Протест, особенно протест с погромами всегда ведет к озлоблению, раздраю в обществе. Нельзя допустить этого в России. Памятуя слова Пушкина о российском бунте…
Я активный сторонник того, чтобы максимально сохранять спокойствие и порядок. Конечно, есть то, что справедливо критикуется, что важно исправлять, но мне кажется, что надо искать инструменты и возможности для того, чтобы не приводить общество в болезненное состояние. Сейчас пандемия, раздражение накопилось у всех, и очень важно выходить из этого состояния плавно. Надо поэтапно решать проблемы с ЕС и с американцами, конечно, но всегда помнить, что это улица с двухсторонним движением. Для нас же приоритетнее экономика, социальные вопросы и, конечно, обеспечение безопасности и обороноспособности.
— Как бы вы оценили реформу Российской академии наук? Можно ли было без нее обойтись, удалось ли решить те проблемы, которые реформа призвана была решить?
— Реформа РАН нужна была в любом случае. Это признавали все. К сожалению, любая реформа имеет как свои плюсы, так и минусы. Однако, поскольку я все-таки академик из вуза, а не изнутри академии, мне сложно давать оценку. К тому же еще рано судить, насколько она удачна. Многие проблемы пока не удалось разрешить, но определенная работа началась. Разрабатывается Программа стратегического академического лидерства для вузов и создание консорциумов с академическими институтами. Это важно. Нельзя также не отметить, что вузы в последние годы заметно активнее сотрудничают с институтами академии. У нас много профессоров, преподавателей, которые одновременно являются сотрудниками академии. Сейчас мы с ИМЭМО РАН и другими институтами обсуждаем возможность создания консорциума в рамках программы. Речь идет не о формальном открытии дополнительной кафедры какого-то института, а о реализации совместно как научной, так и научно-образовательной программы.

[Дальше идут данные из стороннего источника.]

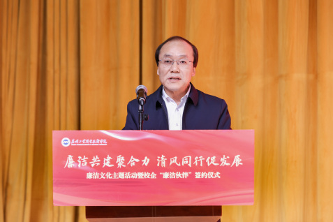 學(xué)校黨委書記王洪法在致辭中對出席活動的市紀(jì)委監(jiān)委領(lǐng)導(dǎo)和書香酒店集團(tuán)領(lǐng)導(dǎo)表示誠摯歡迎,對市紀(jì)委監(jiān)委領(lǐng)導(dǎo)和書香酒店集團(tuán)領(lǐng)導(dǎo)給予學(xué)校事業(yè)發(fā)展的支持幫助表示衷心感謝。他指出,加強(qiáng)新時代廉潔文化建設(shè)是我們黨勇于自我革命、保持先進(jìn)性和純潔性、在全社會樹立廉潔價值理念的重要舉措。學(xué)校黨委始終堅持思想引領(lǐng),夯實(shí)清正廉潔思想根基;始終堅持貫通融合,構(gòu)建多元廉潔育人體系;始終堅持守正創(chuàng)新,推動廉潔文化在校園落地生根。希望今后與蘇州書香酒店集團(tuán)攜手聚力,通過高質(zhì)量黨建助力校企合作,充分發(fā)揮雙方資源優(yōu)勢,以“共建”促“共廉”,以“共廉”促“共贏”,助推校企合作邁向更深更廣領(lǐng)域。
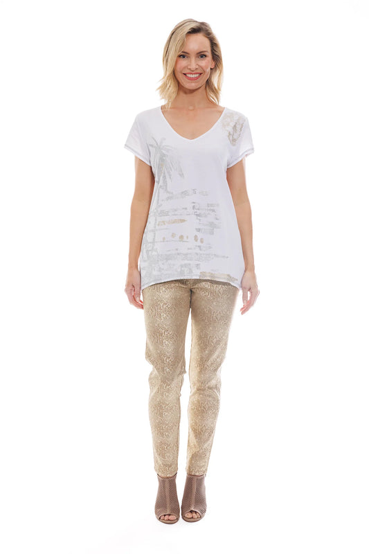 Cafe Latte Foil Snake Print Jeggings
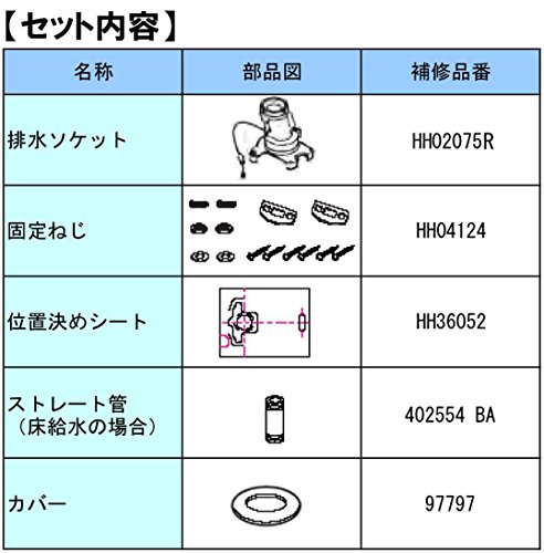 - ・【セット内容】:排水ソケット(HH02075R)、固定具類(HH04124)、位置決めシート(HH36052)、ストレート管(TH402554)、カバー(TH97797)
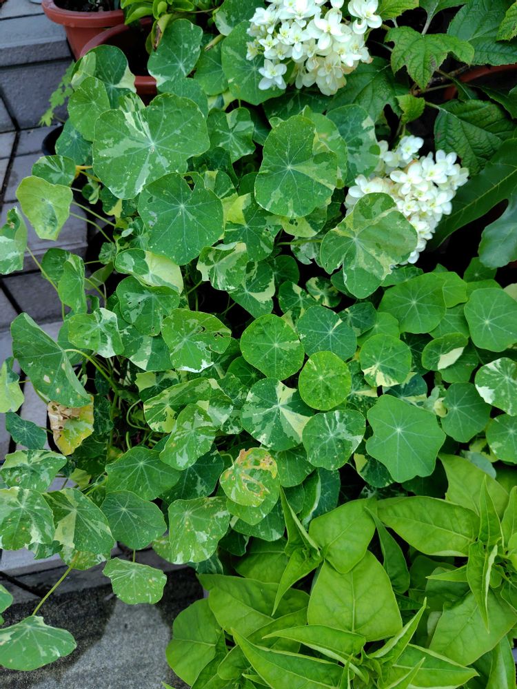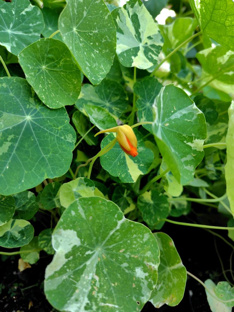 観葉的に並べてる斑入りのナスタチウムに蕾がやっとつきました。
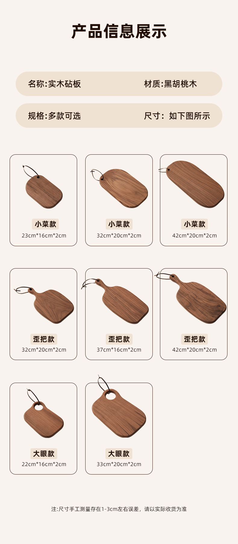 북미 검은 호두나무 통나무 도마 일본식 가정용 작은 도마 스테이크 과일 빵 트레이 인스토어 가기
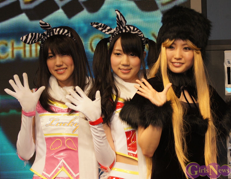 6月22日、ぱちんこメーカー京楽産業の新機種「びっくりぱちんこ 銀河鉄道999」の特別先行展示会が都内で行われ、ゼブラ天使(エンジェル) キュインキュイ~ンとして活動しているアイドルグループ SKE48の平田璃香子・高田志織・古川愛李の3人が参加。
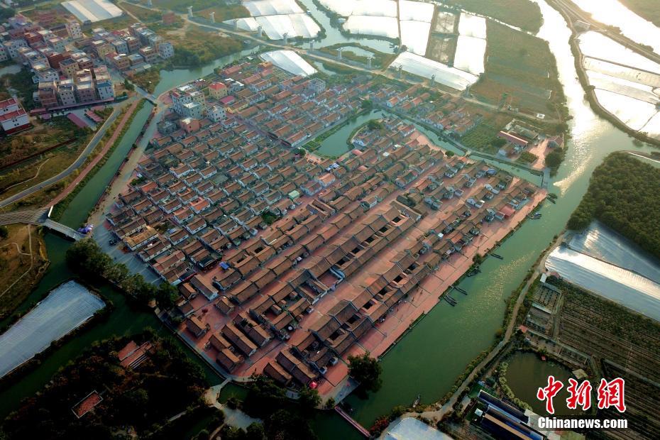 鸟瞰漳州埭美古村落 山水环绕美如画

— Как вы лично и университет переживаете коронавирусные времена? Как вам нравится онлайн-образование, может ли оно удовлетворить все потребности студентов МГИМО?
— Тяжело, как и любой другой университет. Но мы справились в прошлом семестре, причем даже неожиданно хорошо. Неожиданно потому, что многие преподаватели никогда прежде не вели занятия в дистанте. В то время когда другие вузы выделили «техническую» неделю на переход, МГИМО практически на следующий день полностью перешел в дистант, причем по расписанию. Мы не отсылали студентов к записанным лекциям, а вели занятия онлайн — языковые занятия, лекции, семинары. Это, конечно, было непросто, но все справились. Я сам читал лекции, принимал участие в защитах магистерских диссертаций. Все было на высоком уровне. Более того, эта форма приучила студентов структурировать свои выступления, создавать видеопрезентации, которые мы видели на экране, в основном через Zoom. Конечно, жаль, что мы не имели возможности вручить выпускникам дипломы очно и провести традиционный выпускной. Дистант — это очень хорошая наработка на будущее. Практически все большие курсы уже записаны в нашей телестудии, так что у студентов есть возможность не только работать онлайн с преподавателем, но и посмотреть лекцию, если они ее пропустили и хотят закрепить материал. Самое главное — мы не идем по пути отсылки к такому заочному обучению. У нас преподаватель занимается со студентами, видит их на экране компьютера, ведет диалог. Ведь нам нужно еще и обеспечить преподавание 52 иностранных языков. В ситуации пандемии у нас выработан довольно жесткий регламент — если заболел один из студентов или преподаватель, группа тут же переводится на дистанционное обучение на определенный период.